Algumas questões para quem respeita e quer ver respeitar o Direito no Brasil
Por Rogerio Dultra dos Santos, em seu blog.
Há muito parece que por aqui não existe mais a distinção entre o sentimento subjetivo de justiça e os parâmetros objetivos do processo judicial. Quem reclama da instituição “justiça” e de suas burocracias enviesadas é visto como alguém que não aceita que a sua concepção de verdade ou de certo/errado seja questionada. Examinar ou criticar decisões ou procedimentos do Poder Judiciário tem tomado usualmente a dimensão de um “chororô” de perdedores.
Há muito esta oposição entre a compreensão pessoal sobre o que é justo, por um lado, e o funcionamento institucional que sustenta as regras sociais de convivência, por outro, soçobrou ante os extremismos político no nosso quintal.

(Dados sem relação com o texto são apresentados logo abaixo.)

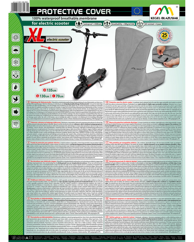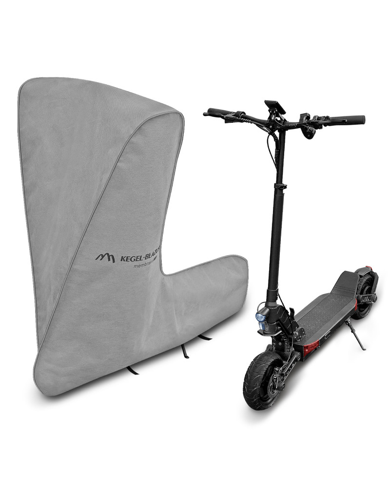 A membrane-based, waterproof and at the same time vapour-permeable cover to protect an electric scooter from adverse environmental influences. Weatherproof cover made entirely of a highly vapour-permeable membrane. Waterproof even in heavy rain and at the same time vapour-permeable, wicking away moisture from under the cover. Reduces corrosion and ageing of plastic parts, protects against fading and tarnishing of paintwork and chrome parts. Suitable for short-term outdoor storage of an electric scooter. It is attached with an elastic puller, making it easy to put on and take off. Additional fastenings under the scooter prevent the cover from being ripped off by the wind. Also suitable for indoor use.

Assim, demandar o devido processo é hoje uma atitude considerada de desespero dos que se sentem injustiçados, e não uma necessidade básica que torna possível a convivência social das diferenças, ou uma garantia coletiva, racional e objetiva da liberdade, para ficar no âmbito da tradição do constitucionalismo liberal.
Nesse sentido, algumas perguntas sobre o que tem ocorrido nos últimos meses no país podem até parecer afirmações enviesadas ou convicções cegas, mas, pela sua simplicidade, trazem a possibilidade de se questionar as obviedades irrefletidas e as afirmações – estas sim, imperativas – a que somos submetidos diuturnamente.
Para além das simpatias ideológicas, olhar para como se realiza o direito pode ser um sinal de quão sadia ou enferma caminha a sociedade em que vivemos.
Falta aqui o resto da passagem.